The change by Amazon follows on to a related move the company made last year when it ended the practice of domain fronting on CloudFront. Domain fronting is a technique that some app developers and domain owners use in order to hide the true hostname from anyone observing network traffic. Developers typically use CDNs for domain fronting, and the technique is often used to evade censorship in countries with repressive regimes where network-level surveillance is commonplace.

"CloudFront will now simply require that a certificate be attached to that distribution when adding an alternate domain name to the distribution."

But domain fronting wasn’t a technique that Amazon supported, so it changed the CloudFront settings in April 2018 to prevent it. Google made the same change on its AppEngine last spring, a decision that digital rights activists and some lawmakers criticized, saying it would place people in some countries in danger.

“Regrettably, your recent decision to ban the practice of domain fronting will prevent millions of people in some of the most repressive environments including China, Iran, Russia and Egypt from accessing a free and open internet,” a letter sent last July to Amazon CEO Jeff Bezos from Sens. Ron Wyden and Marco Rubio says.

“Governments with anti-democratic agendas may put significant pressures on technology companies to help enable their censorship and surveillance of the internet. American technology companies, which have flourished in our free and open society, must join the effort to resist such pressure. While this may seem like a reasonable business decision in the short term, it will ultimately do far more harm to your companies and the network of which you have been a core part.”

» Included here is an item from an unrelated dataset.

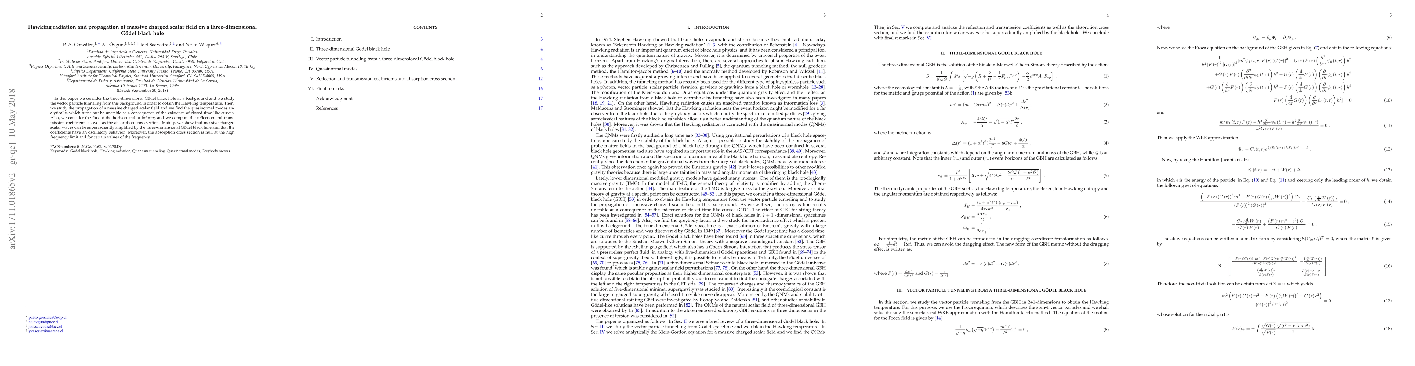 In this paper we consider the three-dimensional G\"{o}del black hole as a background and we study the vector particle tunneling from this background in order to obtain the Hawking temperature. Then, we study the propagation of a massive charged scalar field and we find the quasinormal modes analytically, which turns out be unstable as a consequence of the existence of closed time-like curves. Also, we consider the flux at the horizon and at infinity, and we compute the reflection and transmission coefficients as well as the absorption cross section. Mainly, we show that massive charged scalar waves can be superradiantly amplified by the three-dimensional G\"{o}del black hole and that the coefficients have an oscillatory behavior. Moreover, the absorption cross section is null at the high frequency limit and for certain values of the frequency.

Domain fronting has remained off the table on these networks, but Arrington said the problem has been a bigger challenge than Amazon anticipated.

“The challenge came in the form of automatically distinguishing between legitimate and abusive uses of domain fronting, and doing so at the massive scale at which CloudFront operates with its global network and large customer base. Additionally, we knew we had to accomplish this without impacting the end viewer experience with increased latency,” Arrington said.

“Just a short while ago, CloudFront deployed its new code change for handling domain fronted requests. This new code ensures that the AWS account that owns the SSL/TLS certificate which established the secured connection via a SSL handshake is the same AWS account as the subsequent requests made over the secured HTTP protocol. If the two AWS accounts do not match, CloudFront will respond with a ‘421 Misdirected Request’ response to give the client a chance to connect using the correct domain. We believe that this will provide the flexibility that customers need to continue using this technique for legitimate use cases while also providing enhanced protection knowing that their domain cannot be touched by an unrelated AWS account.”